Exercise objective.
Which lines run from the start of the material below through the line containing "عن مسروق، قال: سألت"? Retype them exactly, pictures excluded.

Exercise data.
——
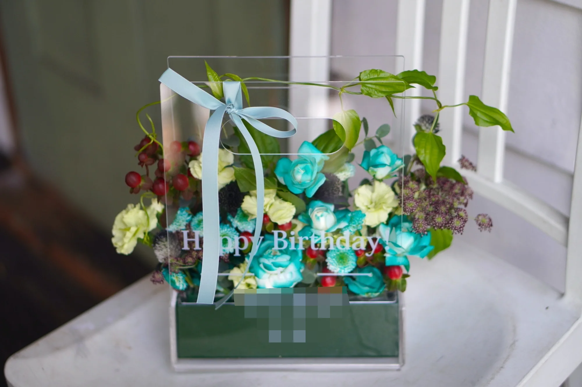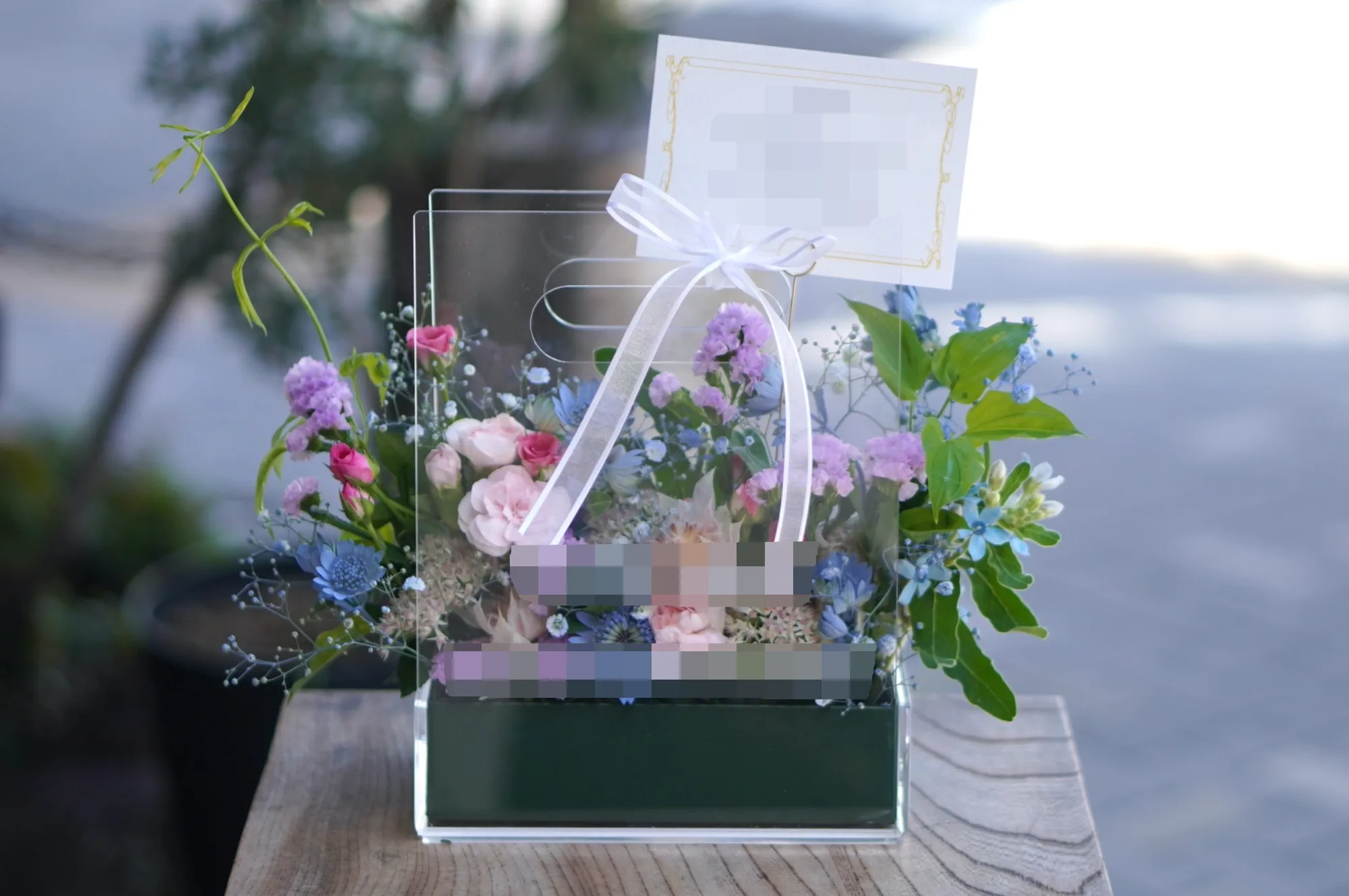 生花のトレジャーボックスアレンジ ブルーホワイト M
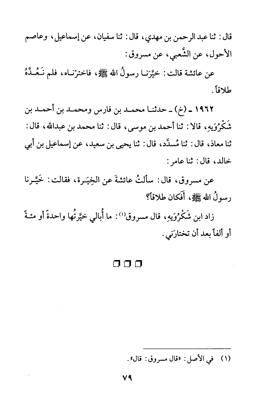 عن مسروق، قال: سألت عائشة عن الخيرة، فقالت: خيرنا رسول الله صلى الله عليه وسلم، أفكان طلاقا؟
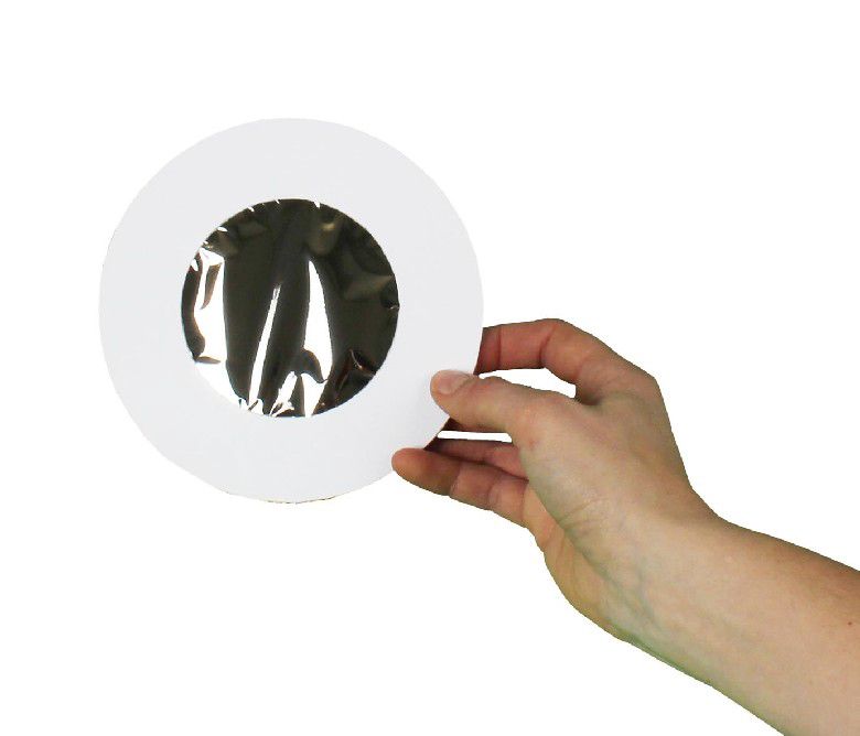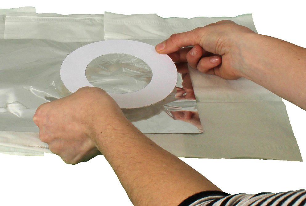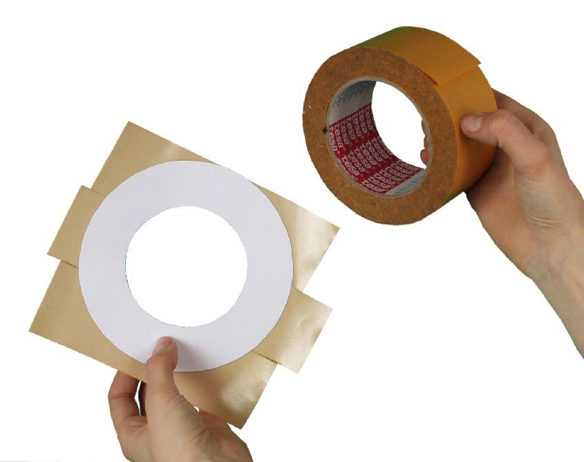 Возьмем одно из картонных колец и снимем защитный слой с двухстороннего скотча. Затем, липкой стороной вниз, с высоты примерно один сантиметр, дадим кольцу упасть на пленку AstroSolar, так чтобы кольцо коснулось и прилипло к пленке по всей площади одновременно.  Просмотров: 220802
——
Result of this task.
 生花のトレジャーボックスアレンジ ブルーホワイト M
 عن مسروق، قال: سألت عائشة عن الخيرة، فقالت: خيرنا رسول الله صلى الله عليه وسلم، أفكان طلاقا؟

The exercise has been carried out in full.